To do: Please write the listing below out again exactly, leaving every picture behind.

Supplied information:
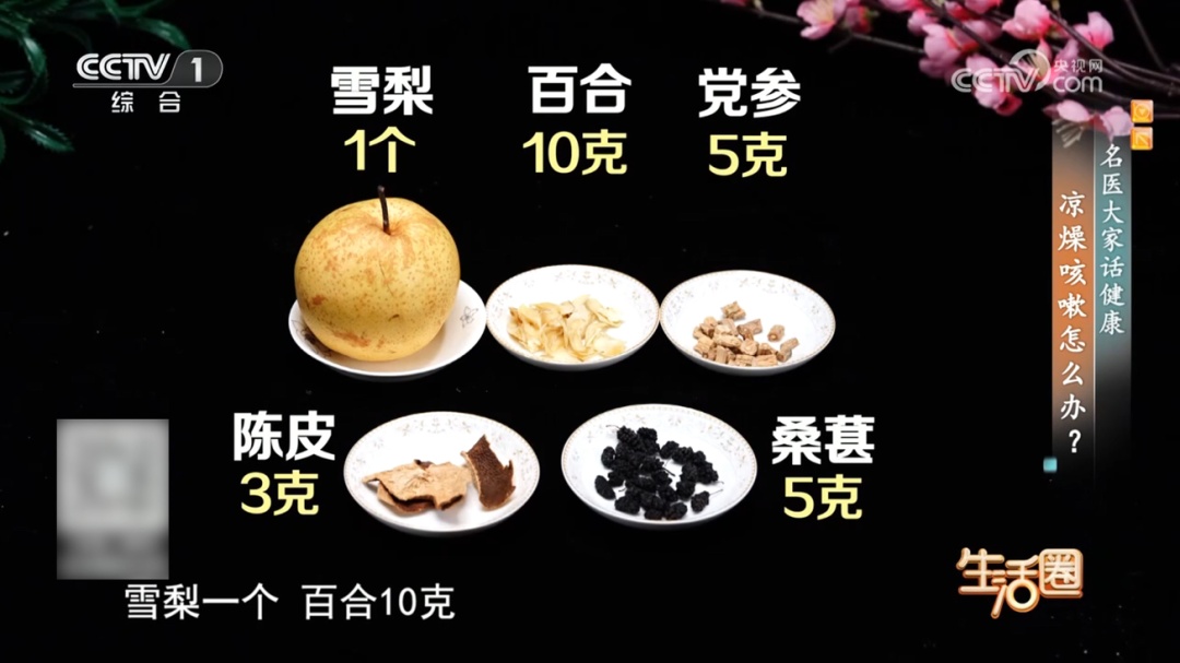 冬季天气寒冷、干燥 人体更应多补水 (每日饮水量1500~2000毫升为宜) 如果觉得喝白开水太单调 不妨试试这4杯水↓↓ 冬季天气又干又冷,燥邪、寒邪相结合,“凉燥”就会找上门。人体容易出现干咳少痰、口干、咽干、鼻干等呼吸道症状,以及皮肤干燥、大便干燥等症状。 此时,多吃一些白色食物,如雪梨、百合、银耳、莲藕、荸荠等,可以养阴润燥、生津止渴、润肺止咳。 雪梨与百合组成的雪梨百合饮具有滋阴润燥功效,能够缓解因凉燥引起的干咳、口干、咽干、鼻干、皮肤干、大便干等不适症状,尤其适合初冬饮用。 图源:央视一套 制作方法:将雪梨块、干百合10克、党参5克、陈皮3克、干桑葚5克一同放入锅中,加入适量清水,煮40分钟即可。 冬季是流感高发季,需要护好肺气、固好卫气,以增强自身抵抗力,为冬季身体健康打好坚固基础。紫苏叶有助于解表散寒、行气和胃,想要预防流感,不妨家中常备。 紫苏黄芪饮能够益气、固表、养阴、润肺,有助于提高人体免疫力,预防冬季常见的风寒感冒、流感。 图源:央视一套 制作方法:黄芪5克、紫苏叶10克、生姜10克、麦冬15克,洗净后加入适量清水,浸泡10分钟后再煮30分钟,晾至温热饮用。 小贴士:易上火人群,可以将黄芪替换为党参;3~10岁儿童,用量需减半。 冬季气温低,胃肠道对寒冷刺激较为敏感,如果防护不当,就会引发胃肠道疾病,出现腹胀、腹泻、腹痛等症状,或使原来的胃病加重。此时应健脾养胃,预防疾病发生。红香茶温中理气、燥湿和胃,不妨试试↓ 图源:央视一套 制作方法:取小茴香3~5克、红茶5克,洗净后加入适量清水,煮开后再煮3~4分钟,加适量冰糖调味即可。 小贴士:阴虚体质人群、容易上火人群不宜饮用。 冬季天气寒冷,人体血管收缩会影响肠道蠕动。此外,冬天气候干燥、空气湿度低,肠道内津液减少会使大便变得干燥。以上两点相结合,导致很多人受到凉燥便秘的困扰。如果肉类摄入多、蔬菜摄入少,还不运动,就会进一步加重便秘。 凉燥便秘的特点为大便干、排便难、腹胀、手脚冰冷、嘴巴干燥、不爱喝水、舌苔薄白。推荐温润肠道、补气血的肉苁蓉麦冬茶,缓解凉燥便秘↓↓ 图源:央视一套 制作方法:肉苁蓉10克、麦冬15克、太子参15克,洗净后加入适量清水,煮开后再煮20~25分钟。 小贴士:阴虚火旺者不宜饮用肉苁蓉麦冬茶。想要缓解凉燥便秘,还可以试试腹部按摩,促进经络气血流通,增强肠道蠕动能力↓ 图源:央视一套 动作要点:双手搓热,掌心对着肚脐,顺时针慢慢按摩腹部。
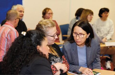 „Europa? Das sind für uns zwei Handlungsebenen: die personelle und die inhaltliche“, erklärt Birgit Krumme. So sei Samantha Goff-Stieger die erste Mitarbeiterin nichtdeutscher Herkunft. Und bei den Kursleitenden setze sich dieser Trend erfreulicherweise fort. Ein wichtiges Anliegen sei die Sensibilisierung der Kursleitungen für Teilnehmende aus aller Welt. Nicht ohne Grund habe die vhs Schwerin gemeinsam mit schwedischen, italienischen und slowenischen Einrichtungen der Erwachsenenbildung Lehrmaterialien für Workshops im Rahmen des Erasmus+-Projekts EMPOWER[1] erarbeitet. Dort sollen Migrantinnen unternehmerische Kompetenzen und Schlüsselqualifikationen erwerben. „Diese Materialien werden derzeit in weitere Sprachen übersetzt und finden so europaweit Anwendung in Kursen“, betont Birgit Brumme nicht ohne Stolz.
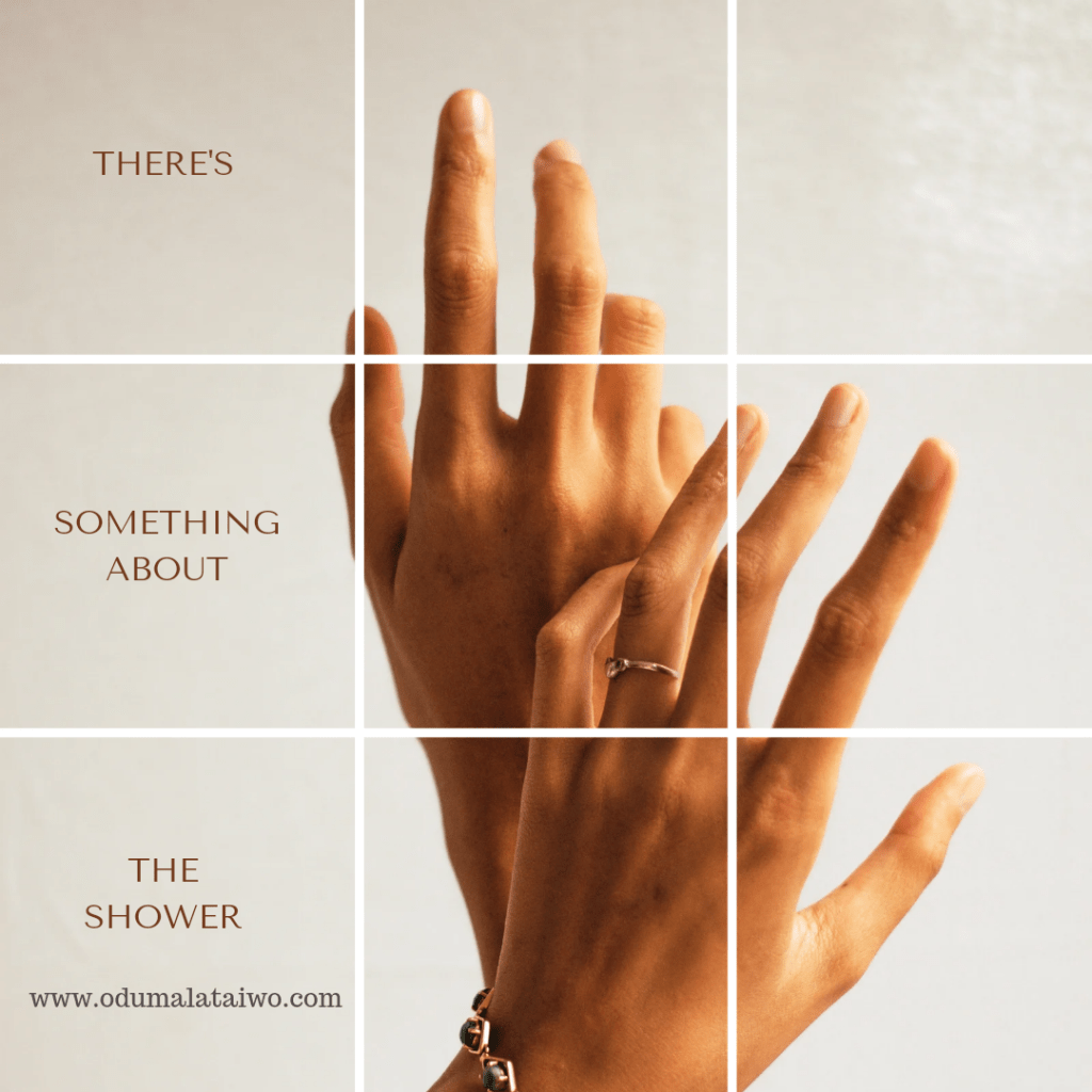The shower is for brevity – it’s not the place you escape the world and get lost in make-believe. It is the place of meeting with your self. It is where you stand droplet to droplet with your vulnerabilities, your mind, your thoughts – unable to run. So you let the pour of the showerhead drown your thoughts. It invites you to cry, to laugh, to sing, to steer your mind from storms into calmness, to bare your emotions.
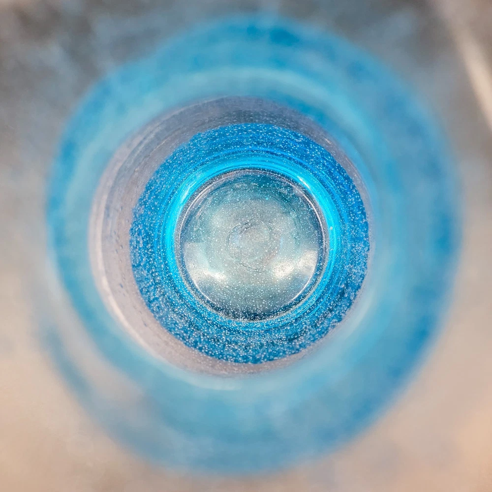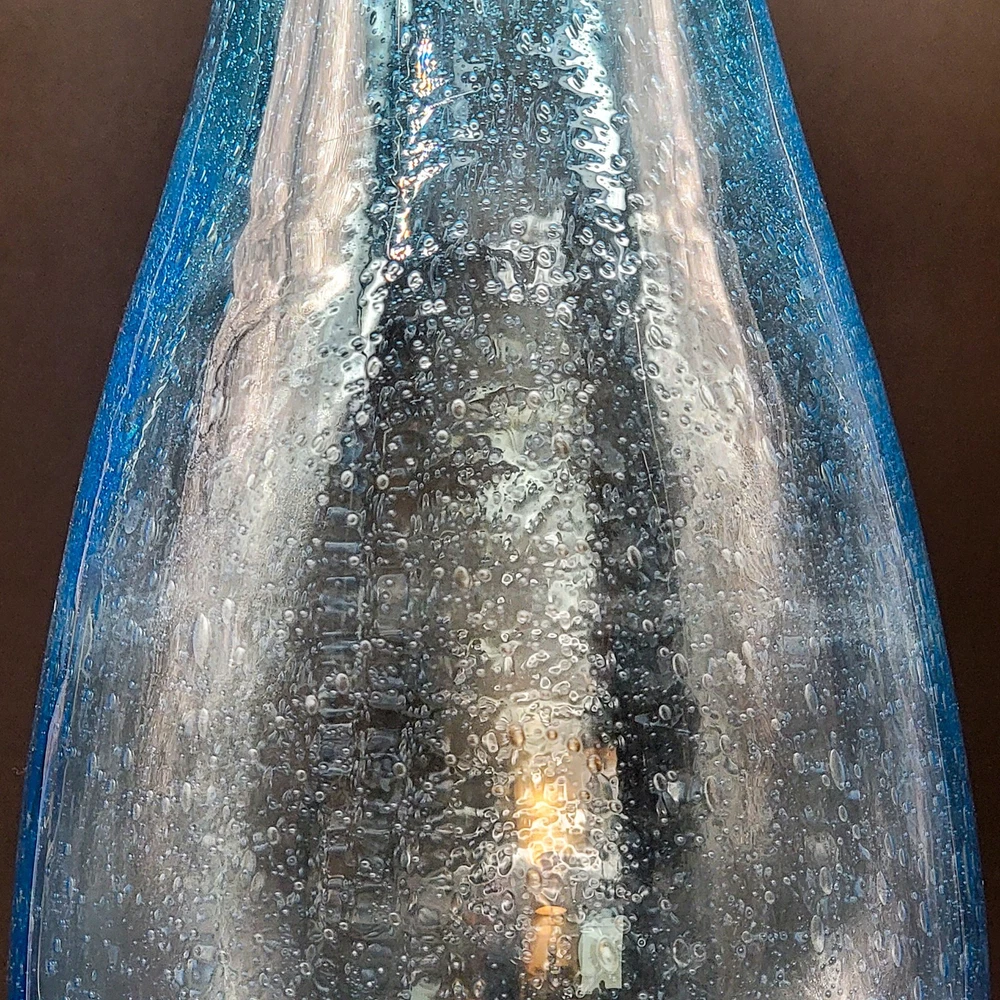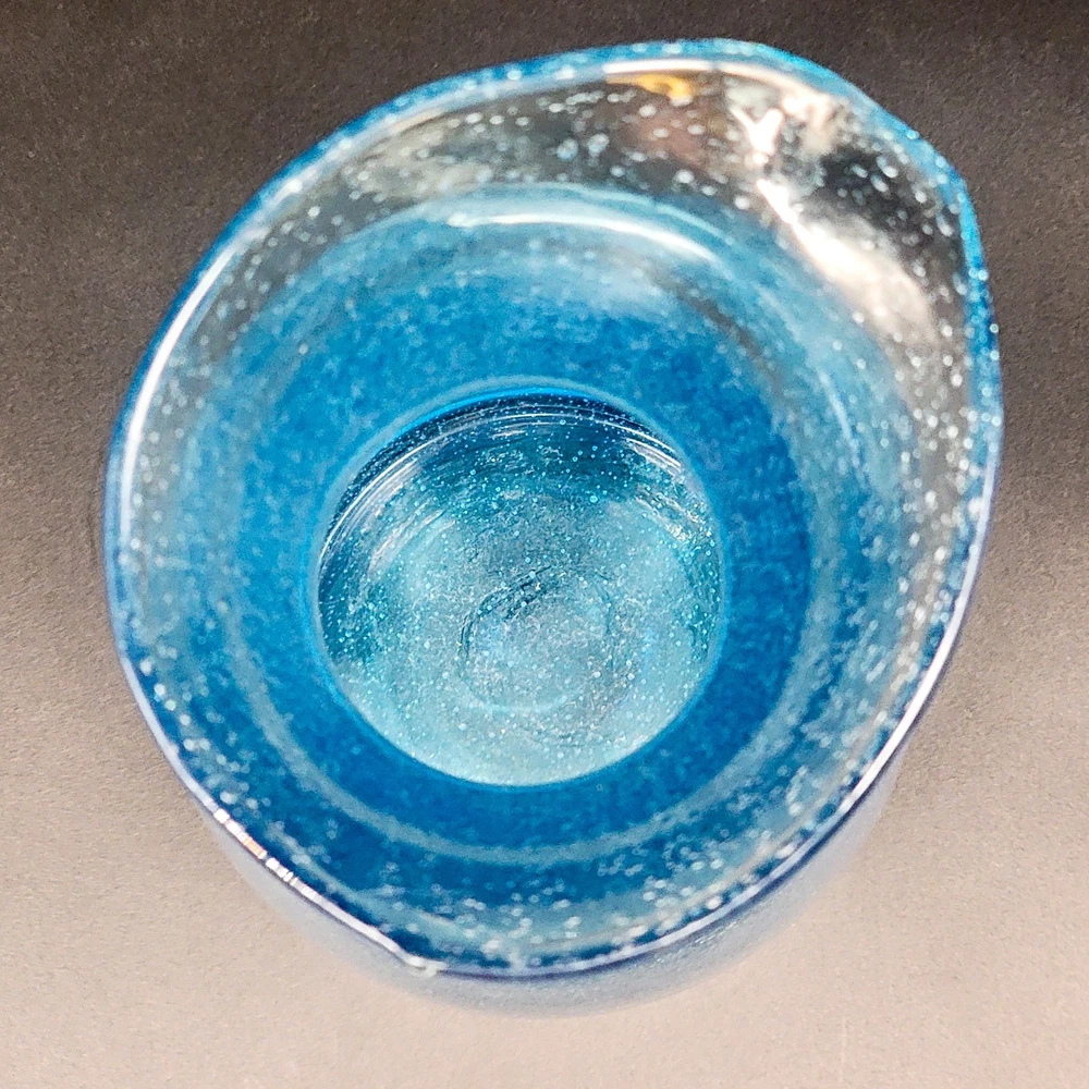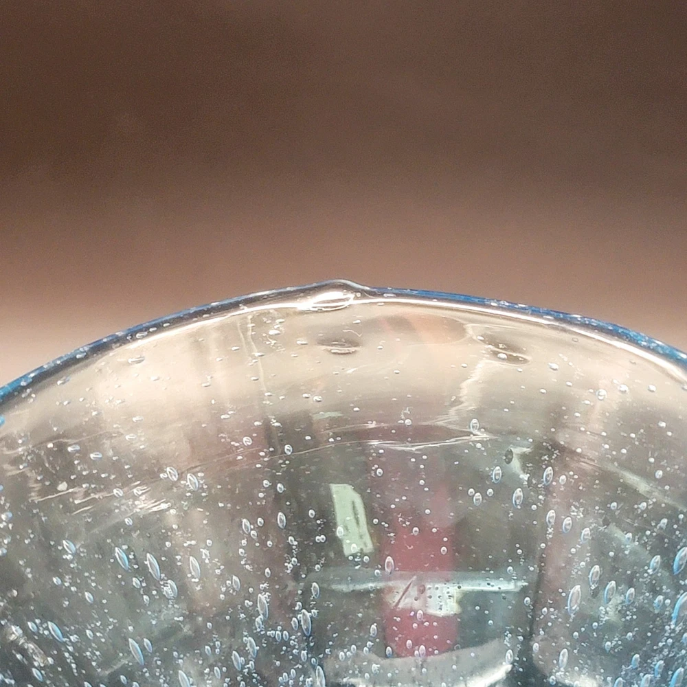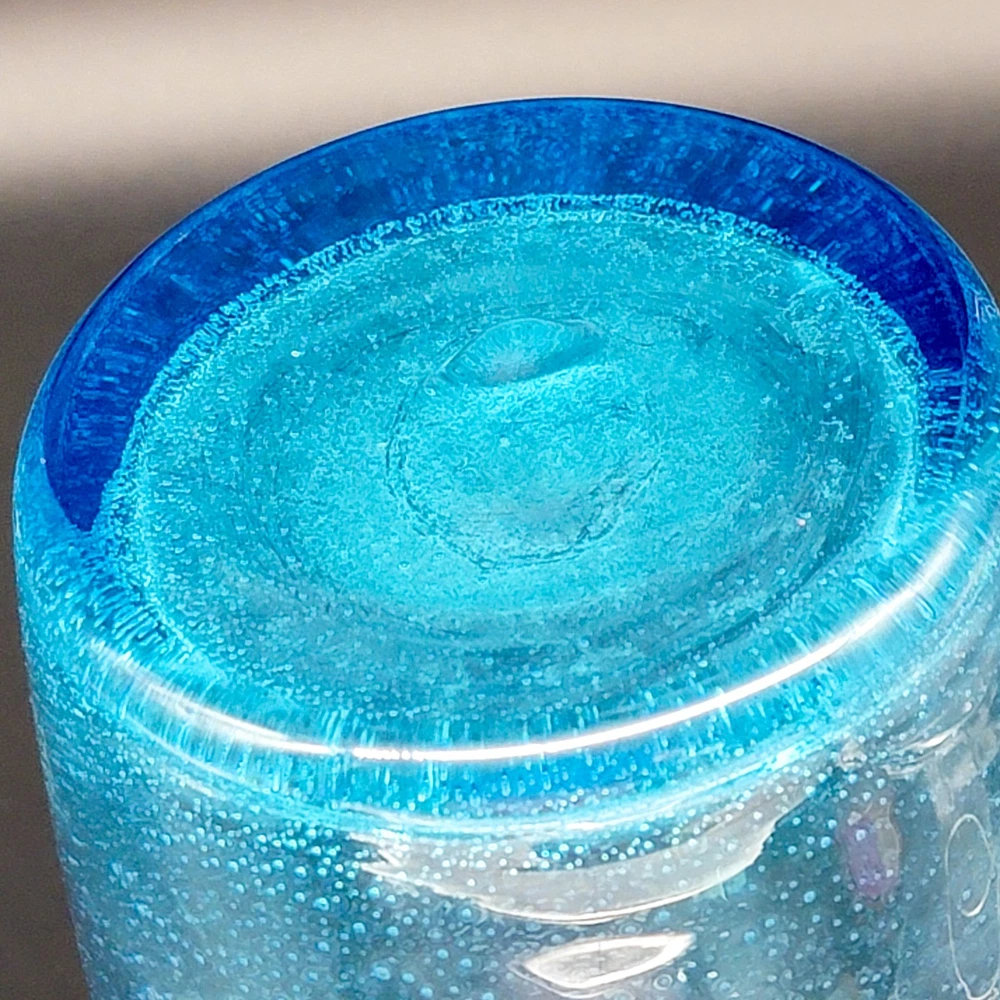 This Hand Blown Blue Seeded Glass Carafe Decanter is an exquisite piece of art glass. It stands at 12 inches tall. Handblown with a polished pontil. Perfect for serving both water and wine with a touch of elegance. Its unique design and production style make it a standout piece for any dinnerware collection. In very good used condition. No chips or cracks found. See photos for details.

Answer space:
 冬季天气寒冷、干燥 人体更应多补水 (每日饮水量1500~2000毫升为宜) 如果觉得喝白开水太单调 不妨试试这4杯水↓↓ 冬季天气又干又冷,燥邪、寒邪相结合,“凉燥”就会找上门。人体容易出现干咳少痰、口干、咽干、鼻干等呼吸道症状,以及皮肤干燥、大便干燥等症状。 此时,多吃一些白色食物,如雪梨、百合、银耳、莲藕、荸荠等,可以养阴润燥、生津止渴、润肺止咳。 雪梨与百合组成的雪梨百合饮具有滋阴润燥功效,能够缓解因凉燥引起的干咳、口干、咽干、鼻干、皮肤干、大便干等不适症状,尤其适合初冬饮用。 图源:央视一套 制作方法:将雪梨块、干百合10克、党参5克、陈皮3克、干桑葚5克一同放入锅中,加入适量清水,煮40分钟即可。 冬季是流感高发季,需要护好肺气、固好卫气,以增强自身抵抗力,为冬季身体健康打好坚固基础。紫苏叶有助于解表散寒、行气和胃,想要预防流感,不妨家中常备。 紫苏黄芪饮能够益气、固表、养阴、润肺,有助于提高人体免疫力,预防冬季常见的风寒感冒、流感。 图源:央视一套 制作方法:黄芪5克、紫苏叶10克、生姜10克、麦冬15克,洗净后加入适量清水,浸泡10分钟后再煮30分钟,晾至温热饮用。 小贴士:易上火人群,可以将黄芪替换为党参;3~10岁儿童,用量需减半。 冬季气温低,胃肠道对寒冷刺激较为敏感,如果防护不当,就会引发胃肠道疾病,出现腹胀、腹泻、腹痛等症状,或使原来的胃病加重。此时应健脾养胃,预防疾病发生。红香茶温中理气、燥湿和胃,不妨试试↓ 图源:央视一套 制作方法:取小茴香3~5克、红茶5克,洗净后加入适量清水,煮开后再煮3~4分钟,加适量冰糖调味即可。 小贴士:阴虚体质人群、容易上火人群不宜饮用。 冬季天气寒冷,人体血管收缩会影响肠道蠕动。此外,冬天气候干燥、空气湿度低,肠道内津液减少会使大便变得干燥。以上两点相结合,导致很多人受到凉燥便秘的困扰。如果肉类摄入多、蔬菜摄入少,还不运动,就会进一步加重便秘。 凉燥便秘的特点为大便干、排便难、腹胀、手脚冰冷、嘴巴干燥、不爱喝水、舌苔薄白。推荐温润肠道、补气血的肉苁蓉麦冬茶,缓解凉燥便秘↓↓ 图源:央视一套 制作方法:肉苁蓉10克、麦冬15克、太子参15克,洗净后加入适量清水,煮开后再煮20~25分钟。 小贴士:阴虚火旺者不宜饮用肉苁蓉麦冬茶。想要缓解凉燥便秘,还可以试试腹部按摩,促进经络气血流通,增强肠道蠕动能力↓ 图源:央视一套 动作要点:双手搓热,掌心对着肚脐,顺时针慢慢按摩腹部。
 „Europa? Das sind für uns zwei Handlungsebenen: die personelle und die inhaltliche“, erklärt Birgit Krumme. So sei Samantha Goff-Stieger die erste Mitarbeiterin nichtdeutscher Herkunft. Und bei den Kursleitenden setze sich dieser Trend erfreulicherweise fort. Ein wichtiges Anliegen sei die Sensibilisierung der Kursleitungen für Teilnehmende aus aller Welt. Nicht ohne Grund habe die vhs Schwerin gemeinsam mit schwedischen, italienischen und slowenischen Einrichtungen der Erwachsenenbildung Lehrmaterialien für Workshops im Rahmen des Erasmus+-Projekts EMPOWER[1] erarbeitet. Dort sollen Migrantinnen unternehmerische Kompetenzen und Schlüsselqualifikationen erwerben. „Diese Materialien werden derzeit in weitere Sprachen übersetzt und finden so europaweit Anwendung in Kursen“, betont Birgit Brumme nicht ohne Stolz.
The shower is for brevity – it’s not the place you escape the world and get lost in make-believe. It is the place of meeting with your self. It is where you stand droplet to droplet with your vulnerabilities, your mind, your thoughts – unable to run. So you let the pour of the showerhead drown your thoughts. It invites you to cry, to laugh, to sing, to steer your mind from storms into calmness, to bare your emotions.
 This Hand Blown Blue Seeded Glass Carafe Decanter is an exquisite piece of art glass. It stands at 12 inches tall. Handblown with a polished pontil. Perfect for serving both water and wine with a touch of elegance. Its unique design and production style make it a standout piece for any dinnerware collection. In very good used condition. No chips or cracks found. See photos for details.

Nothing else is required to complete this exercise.